For this exercise, repeat exactly the lines below starting at the line holding "Sabine Baumann vom" and ending at the line holding "of your ensemble.", both included, with no extra lines and no pictures.
+===+
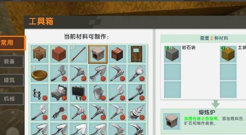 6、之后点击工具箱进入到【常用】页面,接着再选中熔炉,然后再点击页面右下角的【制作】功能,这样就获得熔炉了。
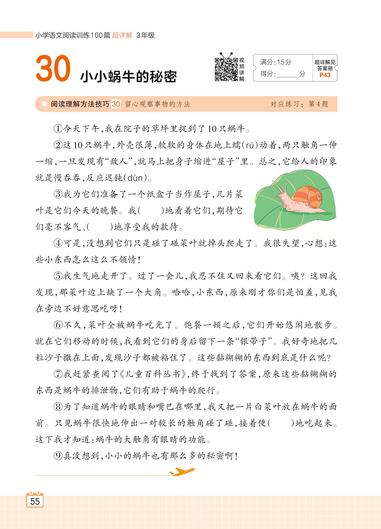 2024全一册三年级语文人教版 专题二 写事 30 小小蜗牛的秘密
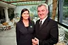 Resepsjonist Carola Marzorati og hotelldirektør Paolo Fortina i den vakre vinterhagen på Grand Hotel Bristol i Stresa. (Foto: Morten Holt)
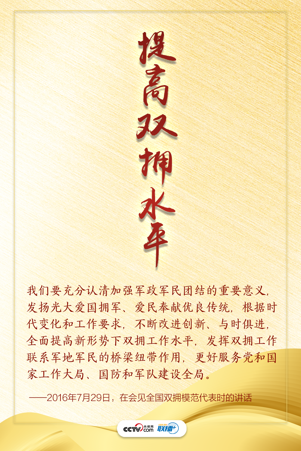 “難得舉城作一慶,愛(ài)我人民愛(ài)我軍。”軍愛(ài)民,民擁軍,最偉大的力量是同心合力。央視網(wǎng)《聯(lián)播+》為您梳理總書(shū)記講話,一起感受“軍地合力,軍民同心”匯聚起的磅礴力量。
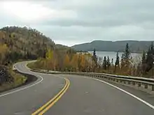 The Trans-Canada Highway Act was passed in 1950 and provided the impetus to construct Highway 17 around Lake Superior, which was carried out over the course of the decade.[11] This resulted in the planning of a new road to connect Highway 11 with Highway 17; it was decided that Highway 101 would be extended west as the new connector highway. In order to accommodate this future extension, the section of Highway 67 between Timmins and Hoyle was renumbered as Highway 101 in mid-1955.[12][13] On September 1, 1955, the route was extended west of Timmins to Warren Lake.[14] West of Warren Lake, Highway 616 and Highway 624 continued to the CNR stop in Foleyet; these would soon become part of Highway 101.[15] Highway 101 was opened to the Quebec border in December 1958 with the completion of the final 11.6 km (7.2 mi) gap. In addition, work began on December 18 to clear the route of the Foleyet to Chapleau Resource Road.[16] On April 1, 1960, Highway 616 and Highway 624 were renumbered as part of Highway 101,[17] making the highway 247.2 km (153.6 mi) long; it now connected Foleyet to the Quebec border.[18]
+===+
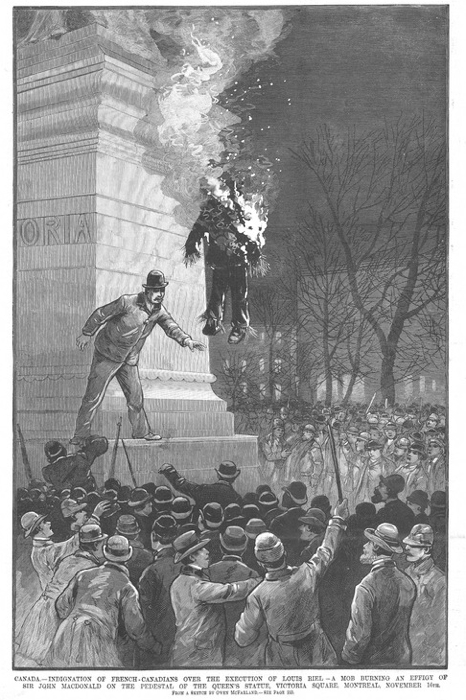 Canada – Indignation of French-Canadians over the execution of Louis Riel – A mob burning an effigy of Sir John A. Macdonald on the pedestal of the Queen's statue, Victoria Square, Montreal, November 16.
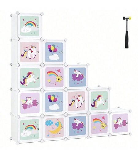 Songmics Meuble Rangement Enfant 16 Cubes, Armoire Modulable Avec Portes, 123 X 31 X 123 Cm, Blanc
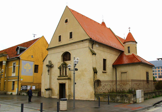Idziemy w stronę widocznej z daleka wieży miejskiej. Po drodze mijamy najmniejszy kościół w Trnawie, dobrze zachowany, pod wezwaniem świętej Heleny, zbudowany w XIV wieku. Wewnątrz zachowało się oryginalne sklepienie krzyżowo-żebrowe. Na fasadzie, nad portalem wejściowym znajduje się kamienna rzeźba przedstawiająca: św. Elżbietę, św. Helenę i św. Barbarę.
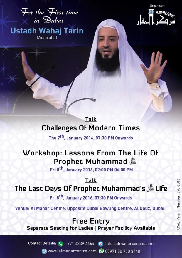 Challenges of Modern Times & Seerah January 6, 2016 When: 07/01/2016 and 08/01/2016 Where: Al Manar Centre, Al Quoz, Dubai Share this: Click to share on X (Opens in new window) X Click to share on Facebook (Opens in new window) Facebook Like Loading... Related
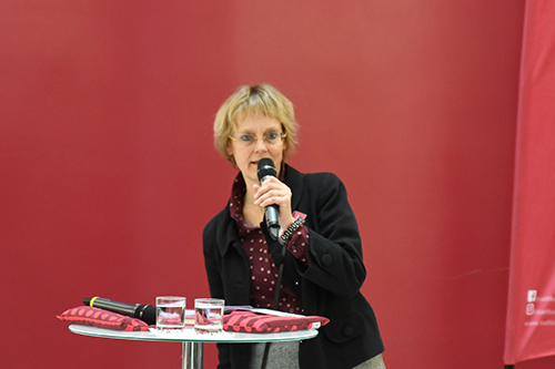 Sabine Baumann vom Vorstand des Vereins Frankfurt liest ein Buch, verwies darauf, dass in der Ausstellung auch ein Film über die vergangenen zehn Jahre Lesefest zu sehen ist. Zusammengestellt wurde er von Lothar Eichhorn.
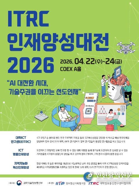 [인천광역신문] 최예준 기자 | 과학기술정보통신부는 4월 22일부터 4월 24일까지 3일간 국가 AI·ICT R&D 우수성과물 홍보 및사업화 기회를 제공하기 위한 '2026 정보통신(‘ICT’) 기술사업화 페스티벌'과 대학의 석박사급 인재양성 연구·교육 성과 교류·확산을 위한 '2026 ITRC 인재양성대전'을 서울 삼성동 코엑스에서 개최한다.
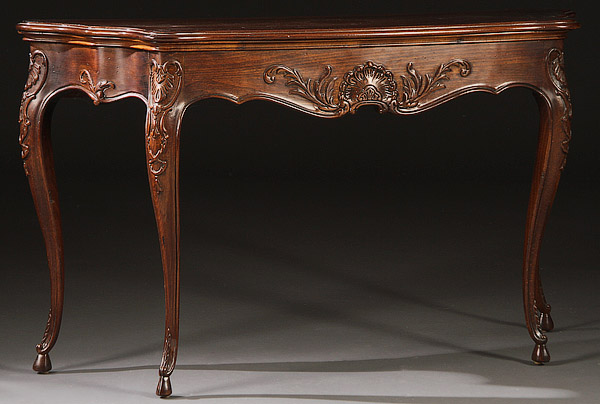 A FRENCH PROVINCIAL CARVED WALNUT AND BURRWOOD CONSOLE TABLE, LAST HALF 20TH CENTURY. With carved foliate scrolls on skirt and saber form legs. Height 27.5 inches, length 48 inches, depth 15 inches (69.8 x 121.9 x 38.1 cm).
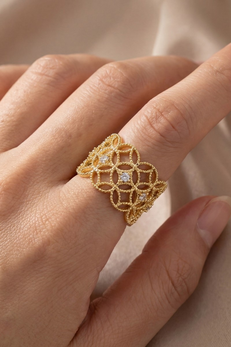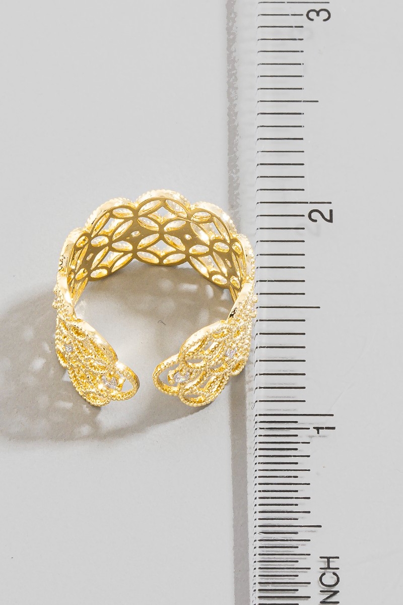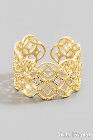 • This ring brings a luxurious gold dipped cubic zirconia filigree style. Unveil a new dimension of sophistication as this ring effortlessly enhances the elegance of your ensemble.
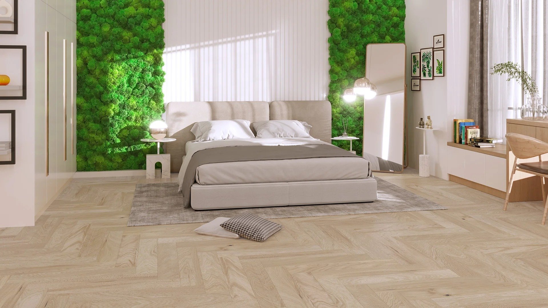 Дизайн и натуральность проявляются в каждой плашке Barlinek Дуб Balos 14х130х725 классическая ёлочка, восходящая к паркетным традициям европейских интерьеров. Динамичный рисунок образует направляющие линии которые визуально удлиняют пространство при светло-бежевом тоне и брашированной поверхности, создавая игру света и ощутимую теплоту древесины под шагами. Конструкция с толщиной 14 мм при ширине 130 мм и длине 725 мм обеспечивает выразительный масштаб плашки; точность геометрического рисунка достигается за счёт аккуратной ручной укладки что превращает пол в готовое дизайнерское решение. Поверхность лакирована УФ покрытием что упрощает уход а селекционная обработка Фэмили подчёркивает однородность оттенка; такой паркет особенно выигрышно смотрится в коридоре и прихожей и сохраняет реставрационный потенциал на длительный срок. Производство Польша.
+===+
### SOLUTION
 Sabine Baumann vom Vorstand des Vereins Frankfurt liest ein Buch, verwies darauf, dass in der Ausstellung auch ein Film über die vergangenen zehn Jahre Lesefest zu sehen ist. Zusammengestellt wurde er von Lothar Eichhorn.
 [인천광역신문] 최예준 기자 | 과학기술정보통신부는 4월 22일부터 4월 24일까지 3일간 국가 AI·ICT R&D 우수성과물 홍보 및사업화 기회를 제공하기 위한 '2026 정보통신(‘ICT’) 기술사업화 페스티벌'과 대학의 석박사급 인재양성 연구·교육 성과 교류·확산을 위한 '2026 ITRC 인재양성대전'을 서울 삼성동 코엑스에서 개최한다.
 A FRENCH PROVINCIAL CARVED WALNUT AND BURRWOOD CONSOLE TABLE, LAST HALF 20TH CENTURY. With carved foliate scrolls on skirt and saber form legs. Height 27.5 inches, length 48 inches, depth 15 inches (69.8 x 121.9 x 38.1 cm).
 • This ring brings a luxurious gold dipped cubic zirconia filigree style. Unveil a new dimension of sophistication as this ring effortlessly enhances the elegance of your ensemble.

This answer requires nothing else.